━━━ Records for the task ━━━
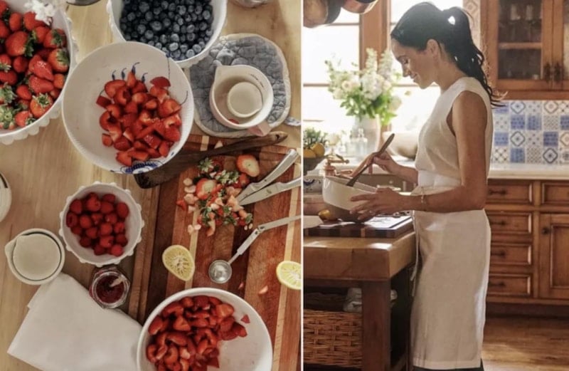 Sosyal medyaya geri dönen Markle, 4 yaşındaki kızı Lilibet ile Kaliforniya'daki evinde bir tencerede kaynayan meyveli bir karışımı göstererek sattığı reçellerin ev yapımı olduğunu öne sürüyor.
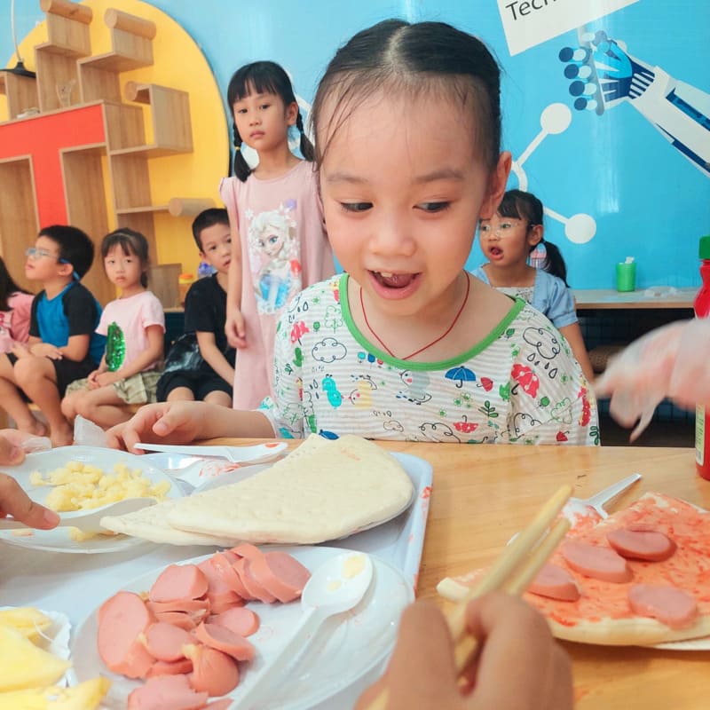 Không chỉ dừng lại ở các công trình kiến trúc vĩ đại, các con cũng sẽ được thử chế tạo một trong những dụng cụ mang tính bước ngoặt của ngành Y tế – Ống nghe nhịp tim mạch. Cuối cùng, kết thúc chương trình STEAM của tuần sẽ là tiết học thực hành làm món ăn nổi tiếng châu Âu vốn đã quen thuộc với tất cả chúng ta – Bánh Pizza. Buổi học được các con vô cùng yêu thích và tràn ngập tiếng cười khi tự mình trải nghiệm quy trình tạo ra món ăn quen thuộc
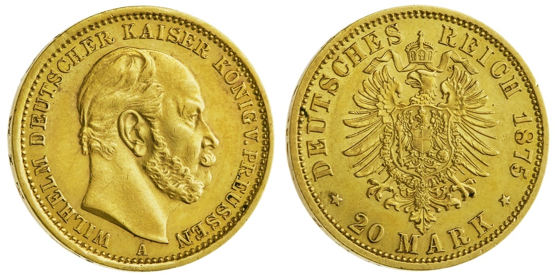 German States. Prussia. Wilhelm I (1861-1888). 20 Mark, 1875 A. Bare head right, rev. Imperial eagle. KM 505. Good Extremely Fine.
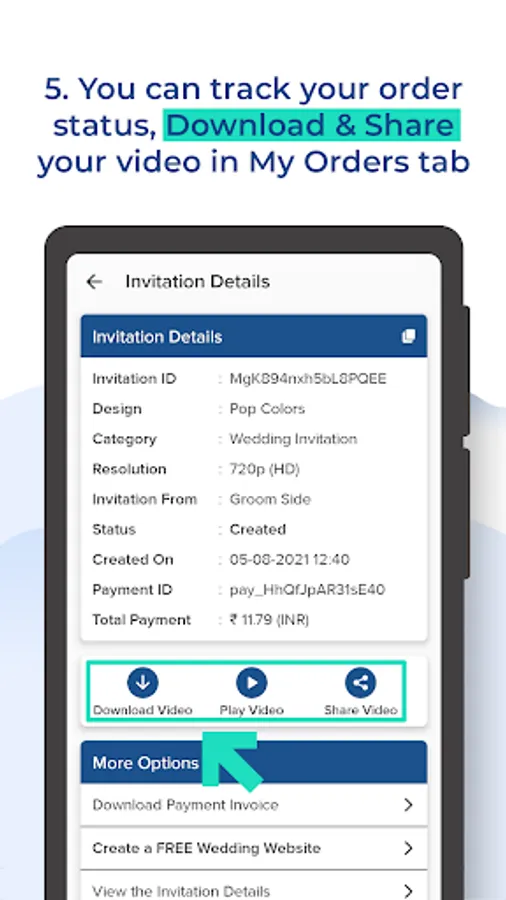 • You can download your copy of your Video Invitation anytime
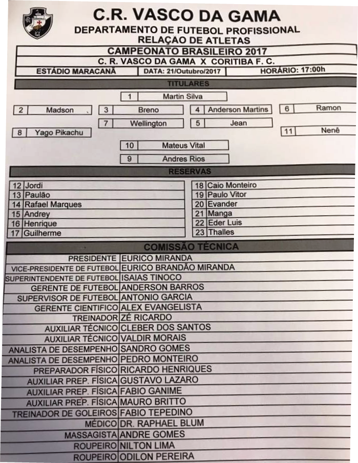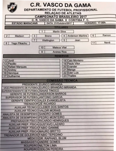 O Vasco enfrenta o Coritiba às 17h deste sábado com a volta de Jean, que estava suspenso na última rodada.
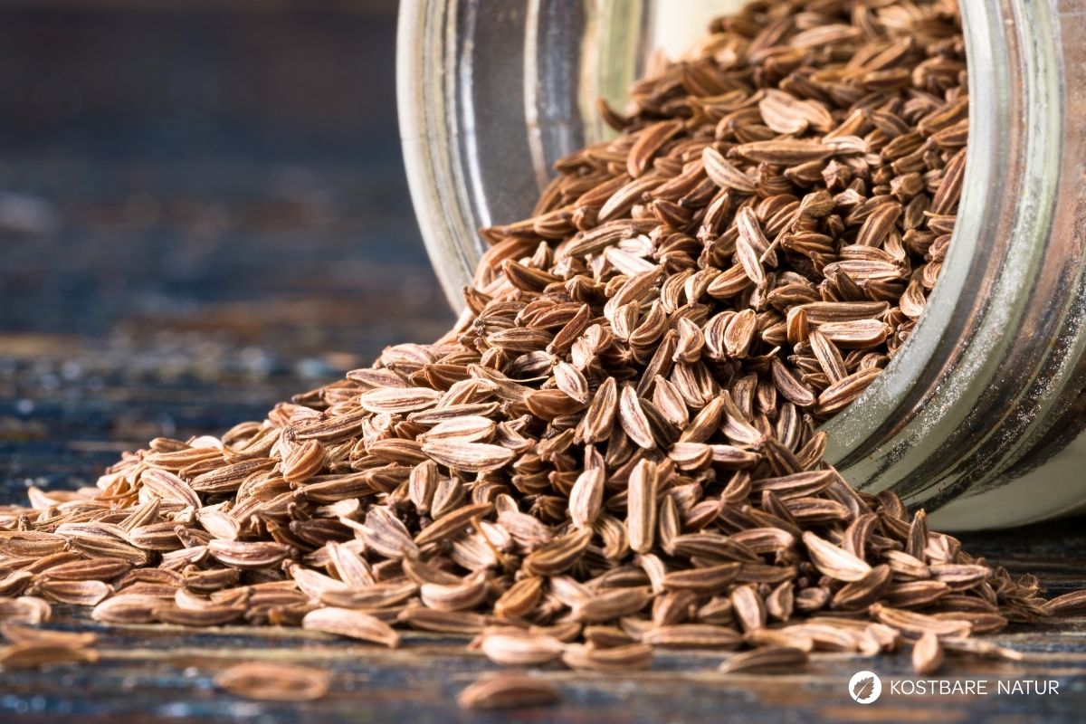 Bei Verdauungsbeschwerden ist Kümmel besonders bekannt. Wissenschaftlich wurde gezeigt, dass die im Kümmel enthaltenen ätherischen Öle (vor allem Carvon und Limonen) krampflösend und karminativ wirken.2 Sie können Blähungen reduzieren und die Verdauung unterstützen. Studien legen nahe, dass Kümmelöl in Kombination mit Pfefferminzöl Beschwerden des Verdauungstraktes lindern kann.3
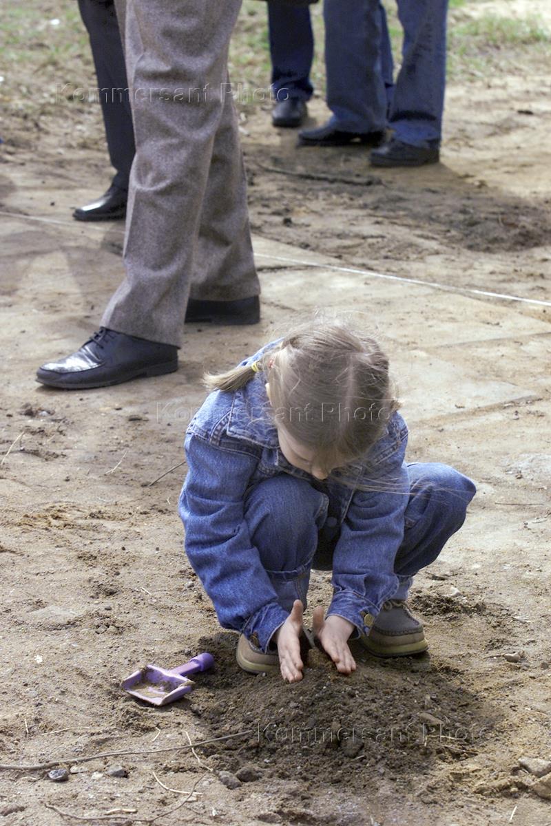 Campaign on reconstruction of the Cherry garden in the K.S. Stanislavsky "Lubimovka" manor. The event was held in the framework of the III World theatre Olympiad and the IV International A.P. Chekhov theatre festival. The girl is building "mud pies".
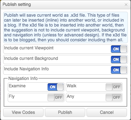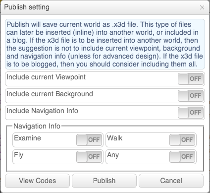 Then, I will need to publish or export this one piece of snow to x3d files so I can use it later in blogs or other virtual world. There are generally two types of x3d files you can publish in VRMath2 Editor. The first one is to be used in blog so inclusions of viewpoint, background information, and navigation infromation are recommended. The image below shows the option I selected when publishing for blogging.
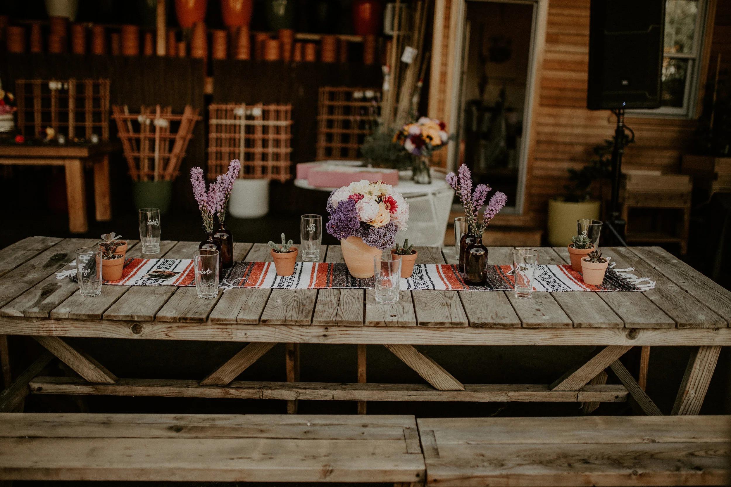 The venue features an expansive outdoor nursery that blends rustic charm with modern Los Angeles style. This versatile open-air space is characterized by towering plants, fruit trees, and seasonal blooms that create a living décor, minimizing the need for additional styling. The layout flows seamlessly from ceremony to celebration, anchored by custom-built farm tables and cozy garden lounge furniture. As the sun sets, overhead string lighting casts a warm, romantic glow over the garden, while the venue’s integrated audio system sets the mood. It is a flexible, atmospheric canvas designed for memorable gatherings under the California sky.
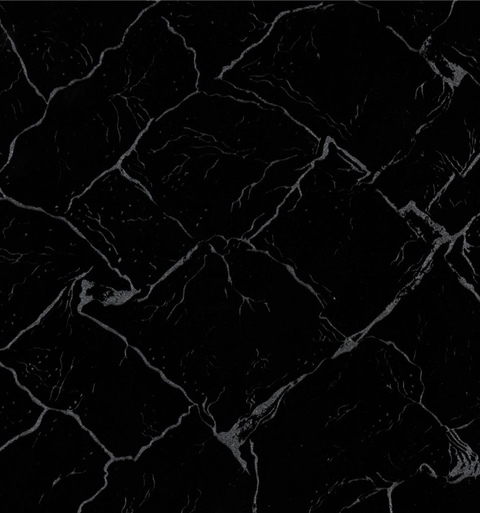 The Black Cracked Ice pattern laminate features sharp, fragmented lines resembling cracked ice set against a deep black background. This bold design adds dramatic texture and a striking, contemporary edge to any modern. interior.
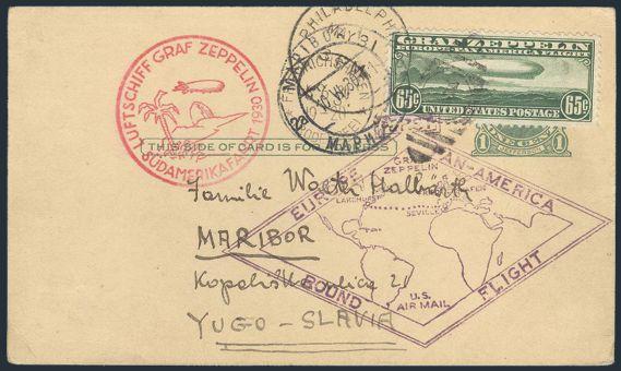by Philadelphia 31 May, 1930 duplex on uprated 1¢ green postal card, addr to MARIBOR YUGOSLAVIA (with double-ring rec cancel). Has 2 diff Zeppelin cancels and Friedrichshafen transit cancel. F. A NEAT ITEM TO AN UNUSUAL DESTINATION (Image)
━━━
Work request: The answer must be an exact copy of every record above, minus the pictures.

Task solution:
 Sosyal medyaya geri dönen Markle, 4 yaşındaki kızı Lilibet ile Kaliforniya'daki evinde bir tencerede kaynayan meyveli bir karışımı göstererek sattığı reçellerin ev yapımı olduğunu öne sürüyor.
 Không chỉ dừng lại ở các công trình kiến trúc vĩ đại, các con cũng sẽ được thử chế tạo một trong những dụng cụ mang tính bước ngoặt của ngành Y tế – Ống nghe nhịp tim mạch. Cuối cùng, kết thúc chương trình STEAM của tuần sẽ là tiết học thực hành làm món ăn nổi tiếng châu Âu vốn đã quen thuộc với tất cả chúng ta – Bánh Pizza. Buổi học được các con vô cùng yêu thích và tràn ngập tiếng cười khi tự mình trải nghiệm quy trình tạo ra món ăn quen thuộc
 German States. Prussia. Wilhelm I (1861-1888). 20 Mark, 1875 A. Bare head right, rev. Imperial eagle. KM 505. Good Extremely Fine.
 • You can download your copy of your Video Invitation anytime
 O Vasco enfrenta o Coritiba às 17h deste sábado com a volta de Jean, que estava suspenso na última rodada.
 Bei Verdauungsbeschwerden ist Kümmel besonders bekannt. Wissenschaftlich wurde gezeigt, dass die im Kümmel enthaltenen ätherischen Öle (vor allem Carvon und Limonen) krampflösend und karminativ wirken.2 Sie können Blähungen reduzieren und die Verdauung unterstützen. Studien legen nahe, dass Kümmelöl in Kombination mit Pfefferminzöl Beschwerden des Verdauungstraktes lindern kann.3
 Campaign on reconstruction of the Cherry garden in the K.S. Stanislavsky "Lubimovka" manor. The event was held in the framework of the III World theatre Olympiad and the IV International A.P. Chekhov theatre festival. The girl is building "mud pies".
 Then, I will need to publish or export this one piece of snow to x3d files so I can use it later in blogs or other virtual world. There are generally two types of x3d files you can publish in VRMath2 Editor. The first one is to be used in blog so inclusions of viewpoint, background information, and navigation infromation are recommended. The image below shows the option I selected when publishing for blogging.
 The venue features an expansive outdoor nursery that blends rustic charm with modern Los Angeles style. This versatile open-air space is characterized by towering plants, fruit trees, and seasonal blooms that create a living décor, minimizing the need for additional styling. The layout flows seamlessly from ceremony to celebration, anchored by custom-built farm tables and cozy garden lounge furniture. As the sun sets, overhead string lighting casts a warm, romantic glow over the garden, while the venue’s integrated audio system sets the mood. It is a flexible, atmospheric canvas designed for memorable gatherings under the California sky.
 The Black Cracked Ice pattern laminate features sharp, fragmented lines resembling cracked ice set against a deep black background. This bold design adds dramatic texture and a striking, contemporary edge to any modern. interior.
by Philadelphia 31 May, 1930 duplex on uprated 1¢ green postal card, addr to MARIBOR YUGOSLAVIA (with double-ring rec cancel). Has 2 diff Zeppelin cancels and Friedrichshafen transit cancel. F. A NEAT ITEM TO AN UNUSUAL DESTINATION (Image)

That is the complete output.